Of course, I didn't go to the primary sources for the article, so I could be completely wrong about the situation.
edit: While I really like clojure, that isn't all its syntax, less macros. There's stuff like ` #() _ etc., although two out of three of those examples are shorthand for things you can do with the syntax he listed (quote and fn). I think you could easily fit it on a page, though.
The use of actors with mailboxes that annoys the author is:
1. Take a message from the mailbox (that may have been queued for a long time).
2. If the mailbox still has more than N items, then throw away the message.
This is a really dumb way to approximate a fixed size mailbox, and doesn't allow for an immediate refusal.
The questionable Scala code is pulled from recently written O'Reilly book on Scala. I haven't read it myself, but it's probably not as good as "Programming in Scala" (Odersky et al), which covers Actors+Concurrency in Chapter 30.
Needless to say, Scala also has access to all the Java concurrency primitives and libraries. I believe there's a Scala STM library as well.

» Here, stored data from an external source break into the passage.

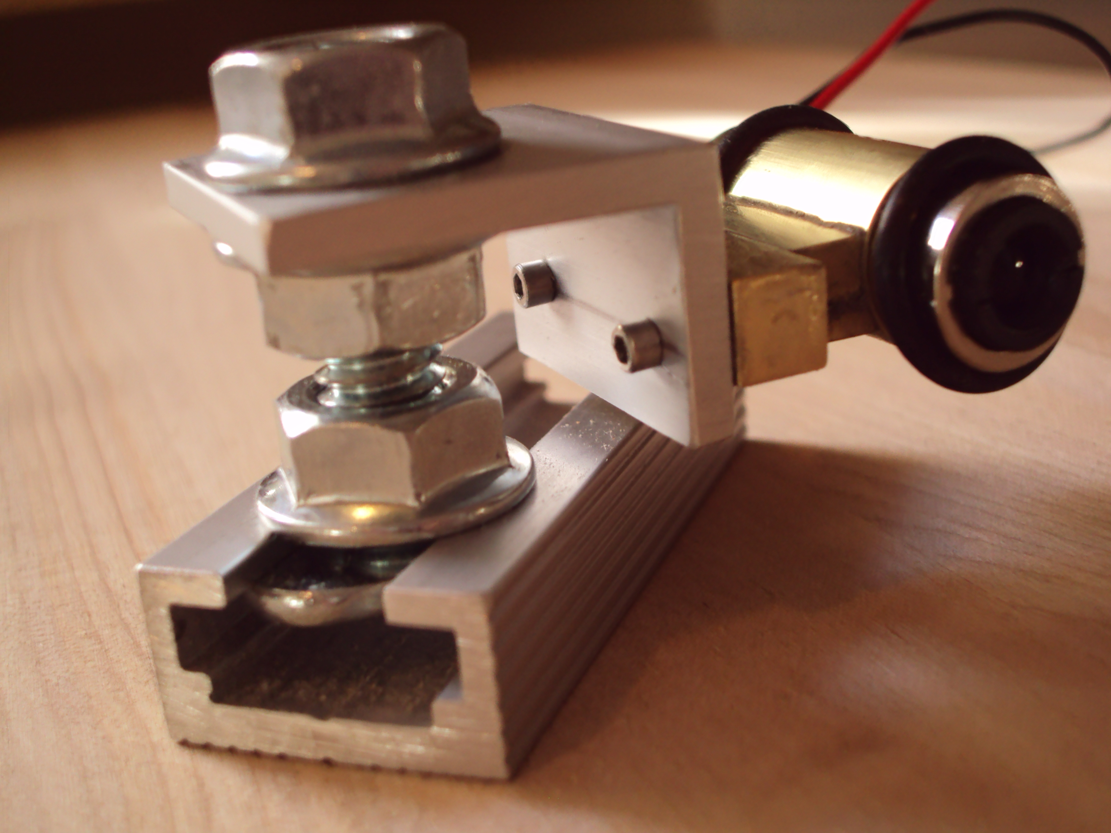 An early prototyping laser mount designed to fit to our frame design, with controls to accurately level the laser on the LLP multitouch surface.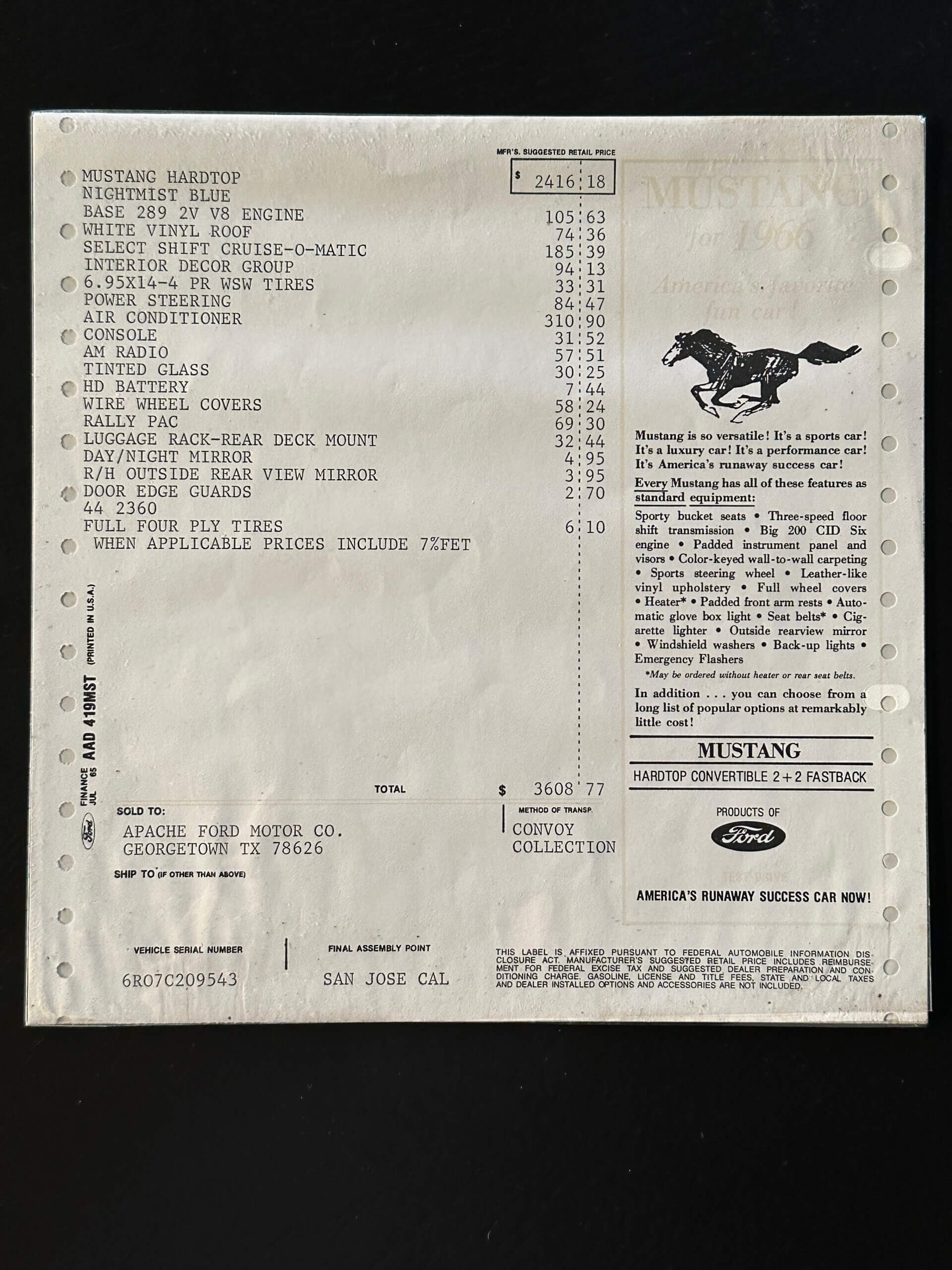 This car has had the right life: long-term ownership, top-tier restoration, careful use, and complete presentation—with the documentation to back it up. If you value originality, correctness, and pride of ownership, this Nightmist Blue ’66 checks the boxes.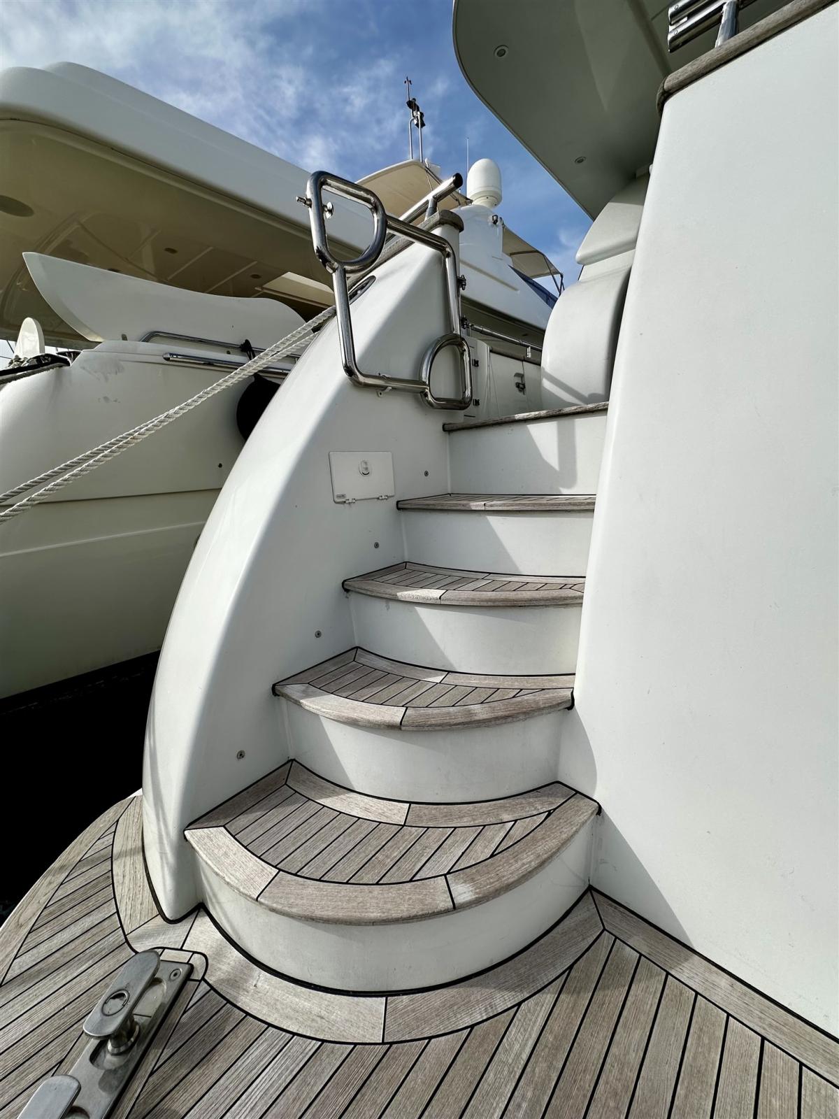 Alarme de pompe de cale, Eau sous pression, 2 Taquets pliants, Passavant en teck, Douche de cockpit, Flaps hydrauliques, Grue de flybridge, Extincteur(s) fixe(s), Compresseur de plongée, Indicateurs de flaps, Passerelle, Plateforme arrière, Pompe de cale automatique, Porte latérale, Porte latérale, Cockpit en teck, Onduleur, Rollbar, Guindeau électrique, Echelle de bain, table de cockpit, Corne, Winch électrique arrière, Winch électrique avant.

Definitely one of the better postings I've seen on HN.
In very little space it teaches you a lot about clojure + scala + concurrency. And it seems to me (coming from a scheme + java background, so with no particular horse in the race) to be a rather honest comparison.
I'm eager to see what the Scala community responds with (and hoping they take the time to show code).
That design is poor. There should be an actor modeling the seats (passed a customer and as a non-blocking operation either seats them or ejects them) and an actor modeling the barber (loops doing a blocking poll of the seats for a customer and doing the haircut).
Deadlocks Race conditions
A bit off-topic, but I see statements like this all the time, and I always wonder: why is it assumed that you're going to throw together an aggressive design that shoots for theoretically optimally performance, and then trying to ferret out the bugs? Ideally, the solution will be both correct and optimally performant, but if you're worried that you aren't going to get it right, you should start thinking about the best way to fail. It seems wiser to start with a simple dumb solution you know is correct and work carefully towards a more complex, better-performing solution. In that case you would list "crappy performance" as the primary thing that can go wrong in a concurrent system -- but nobody ever does. They're worried about bugs. That means that when they're done with their first attempt, they'll be confident in its performance but not in its correctness.
Here's why I think it's better to start with a simple dumb solution and work from there: you can stop short of an ideal solution. Maybe you only have to optimize it well enough so that it isn't the scaling bottleneck. Or maybe you can just deploy it and tolerate the performance limitations. If you start with code that has the optimal performance characterists but isn't correct, you can't deploy it until you fix all the bugs. You've committed yourself to creating an ideal solution, even though an ideal solution might not be necessary.